Avete presente la pignola meticolosità che lo Stato pretende dai cittadini al momento di compilare la denuncia dei redditi? Ebbene, la stessa pignola meticolosità non è stata impiegata durante i test che hanno portato all’approvazione del vaccino Pfizer.

Può essere riassunto in questi termini l’articolo pubblicato ieri, martedì 2 novembre, dal British Medical Journal: che non è Topolino e nemmeno Focus, fatto salvo il rispetto dovuto a queste due testate, bensì una delle quattro riviste mediche di carattere generale considerate più autorevoli nel mondo intero.

Le frettolose leggerezze – come altrimenti chiamarle ? – descritte dal British Medical Journal nei test iniziali del vaccino Pfizer fanno il paio con gli interrogativi che stanno emergendo a proposito dell’efficacia nel tempo dei vaccini Covid.

Perfino dalla RAI – la famosa e benemerita ultima puntata di Report – gli italiani hanno appreso che esistono interrogativi sulla durata della protezione e che la terza dose, cioè la toppa che si vuol cucire su questo buco, è un’occasione di business per le case farmaceutiche.

Del resto, gli studi delle case farmaceutiche si sono conclusi anzi tempo e gli unici dati disponibili riguardano l’efficacia dei vaccino Covid dopo sei mesi. Trascorsi i quali esistono solo punti interrogativi.

Ma i punti interrogativi, ora si scopre, riguardano anche i test iniziali. Secondo i calcoli delle ONG, le case farmaceutiche hanno ricevuto la bellezza di 8,3 miliardi di dollari – denaro pubblico gratis – per sviluppare i vaccini contro il Covid. Una simile pioggia di soldi dovrebbe permettere un lavoro preciso fin nei minimi dettagli. Il British Medical Journal ha invece rivelato che, almeno per quanto riguarda il vaccino Pfizer, non è andata esattamente così.

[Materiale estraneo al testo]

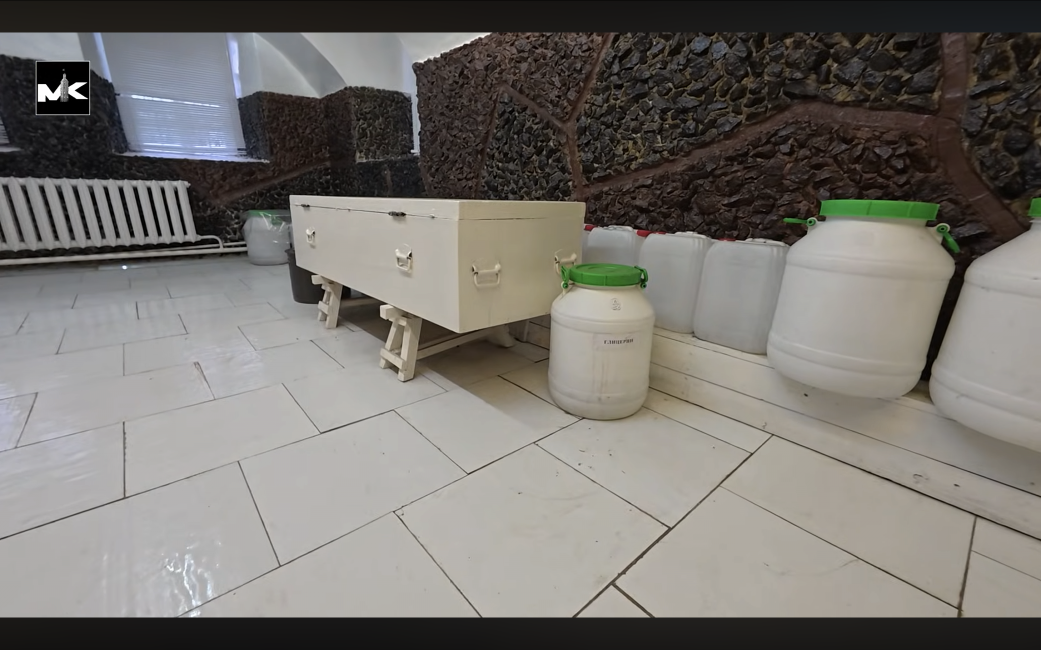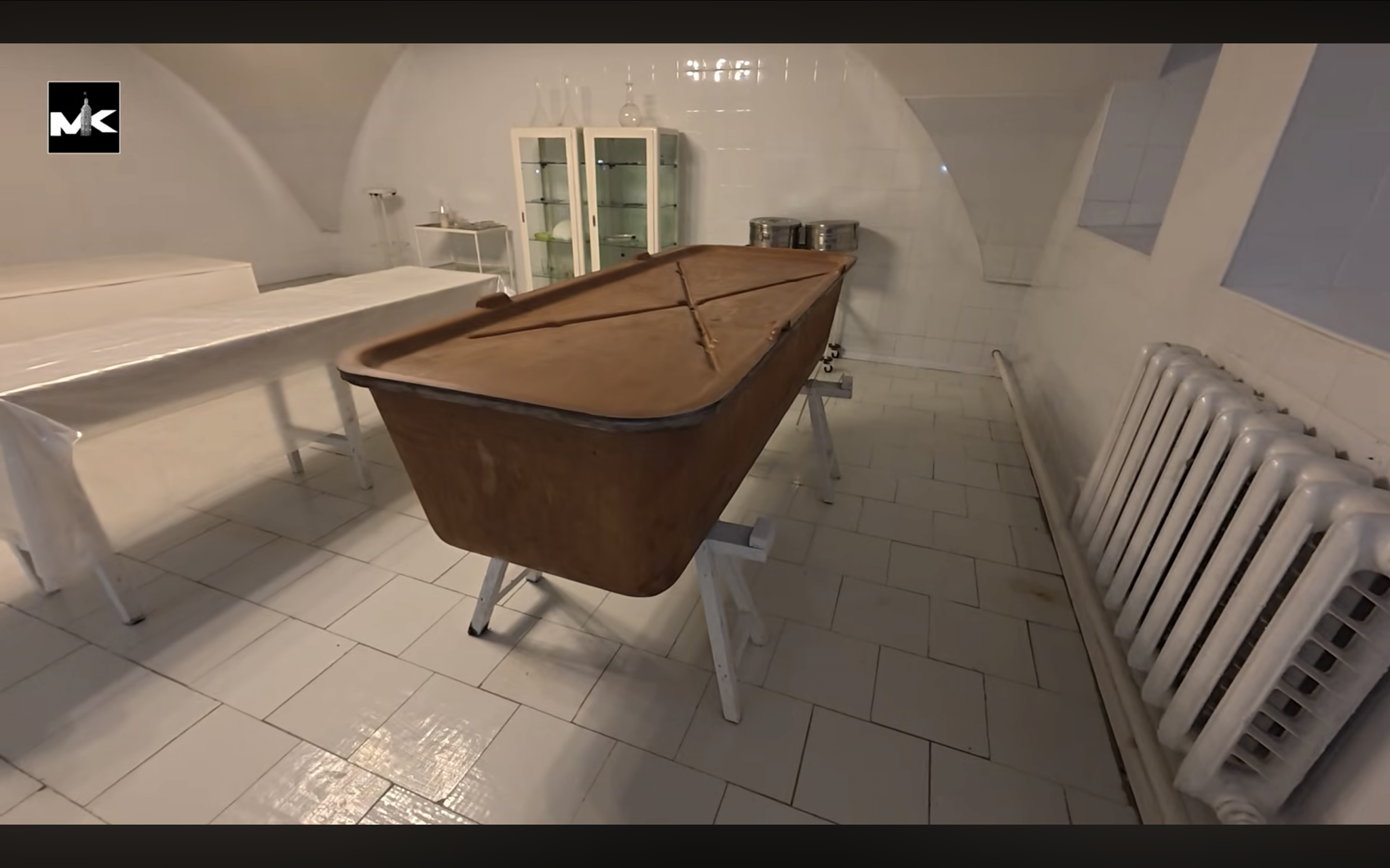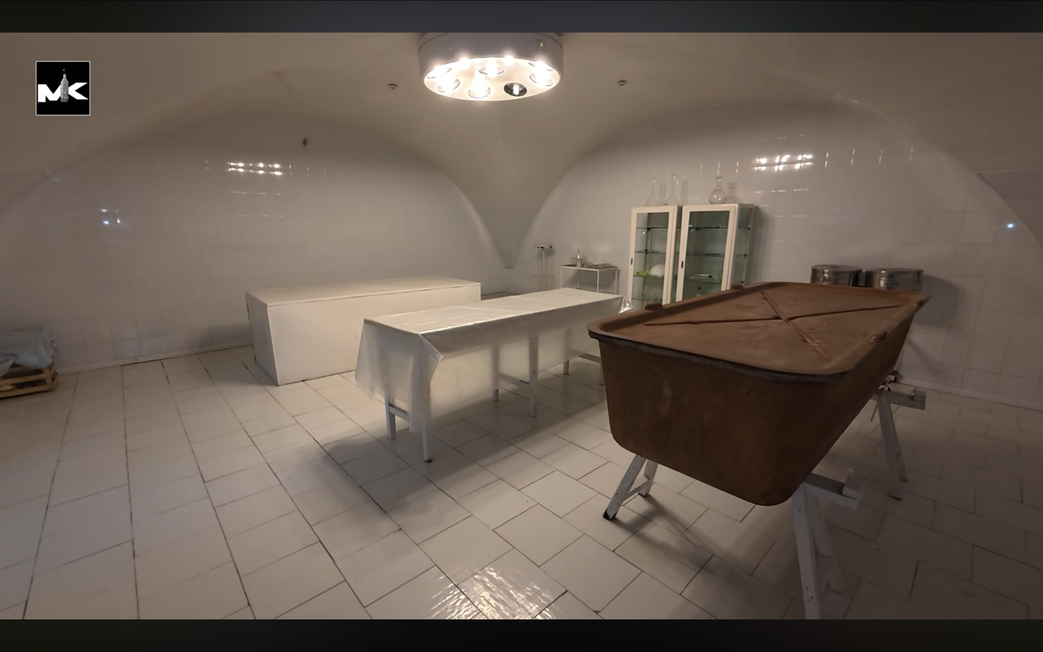 Лабораторія складається з двох кімнат. У першій знаходяться ємності з різними рідинами, які зупиняють розкладання тіла. А також металевий саркофаг, в якому тіло Пирогова приносять з церкви-некрополя.

Lo ha fatto attraverso un whistleblower, come dicono gli inglesi: un ricercatore che lavorava in Texas presso Ventavia, un’organizzazione alla quale Pfizer ha affidato una parte dei test. Costui ha detto, e soprattutto ha dimostrato, cosa avveniva all’interno dell’azienda durante questo lavoro.

Lo whistleblower ha svelato al British Medical Journal un ambiente sostanzialmente caotico, nel quale gli effetti avversi venivano seguiti con lentezza e non era adeguatamente assicurato che i test avvenissero con il metodo del cosiddetto doppio cieco.

Il metodo del doppio cieco costituisce un caposaldo della ricerca scientifica: per valutare l’efficacia di un farmaco, si dividono i pazienti in due gruppi omogenei; un gruppo riceve il farmaco da testare; l’altro gruppo riceve un placebo, cioè una sostanza inerte; né i pazienti né i medici che li seguono conoscono il trattamento subito da ciascuno. Alla fine si tirano le somme e si confrontano le situazioni dei due gruppi di pazienti, nella certezza che nessuno è stato influenzato o suggestionato.

La FDA, la Food and Drug Administration che negli Stati Uniti si occupa della regolamentazione dei prodotti farmaceutici, ha ricevuto informazioni su quanto accadeva a Ventavia durante i test sul vaccino, ha detto – e dimostrato – lo whistleblower. Ma la FDA non ha mosso un dito.

Anzi. Come rivela il British Medical Journal, la stessa Ventavia ha ricevuto successivamente in appalto da Pfizer altri quattro studi sui vaccini Covid, compresi quelli relativi a donne incinte e bambini.